Thursday, December 1, 2011

Balancing Script and Improvisation

I've recently discovered that the Filmmaker Magazine blog features a regular column called The Microbudget Conversation. I just read this piece written back in August by guest writer Nicole Elmer about the limitations of scripting micro-budget films and the avenues opened up by using improvisation:

It was a creative choice as much as a budgeting choice. Because of the specificity involved, a script would have required the costly fabrication I mentioned earlier. Instead, the writer created a very basic outline that was broken down into scenes. Locations were replaceable and everything could be moved as needed, as long as the general symbol of the moment was still expressed. A script would have also forced us to shove dialogue in the actors’ mouths. Instead, we gave the actors their goals, they developed their characters WITH the writer, and we gave them responsibility for their dialogue, a creative choice normally made by a screenwriter.

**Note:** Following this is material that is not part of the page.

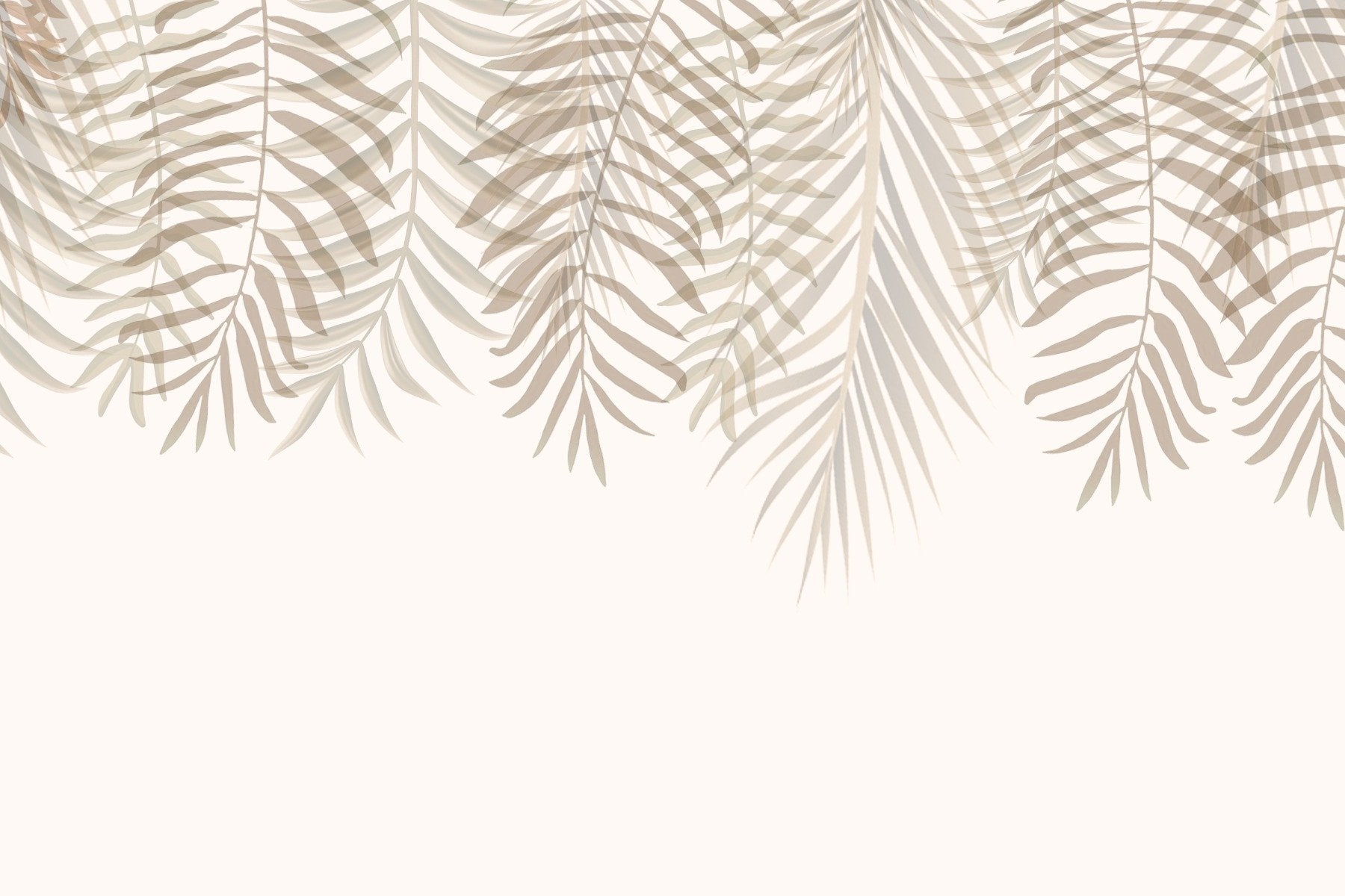 The serenity palm fronds wallpaper mural is an ode to the understated beauty of nature. This leaves wallpaper features a cascade of palm fronds, rendered in soft, neutral tones that evoke a sense of calm and simplicity. Ideal for those seeking a touch of the tropics without overwhelming their interiors, this design blends effortlessly with any decor style. The subtle play of light and shadow across each leaf brings a three-dimensional quality to this tropical wallpaper, creating an organic, soothing presence in a bedroom, living area, or workspace. This mural invites a breath of fresh air into your home, celebrating the elegant structures and gentle movements reminiscent of a serene, sun-drenched grove. It's a timeless piece that complements the peaceful moments of everyday life.

Of course, many filmmakers from Mike Leigh to Rob Nilsson to Terrence Malick work by balancing structure and improvisation. Elmer says that it was a creative and budgetary choice, but I know if one were to ask any of the filmmakers listed above, they would reply that their choice was purely aesthetic. Nilsson even has a brief manifesto on his website ("Create a poetic cinema based not on writing but on observing. Mistrust your ideas and trust your experiences. Discover, don’t prescribe"). Personally, I think films made in such a fashion are, at their best, some of the most profound in cinema. They show life happening and us happening back, to paraphrase Nilsson's manifesto.

It all goes back to what I said about meaning in my last post. And this is not to say that I reject scriptwriting out of hand, of course. All of this is too much for a brief post, and I've been planning an essay-length post on it all sometime in the near future. And also, if that Nilsson manifesto is too brief, there's always The Path of the Artist by Ray Carney.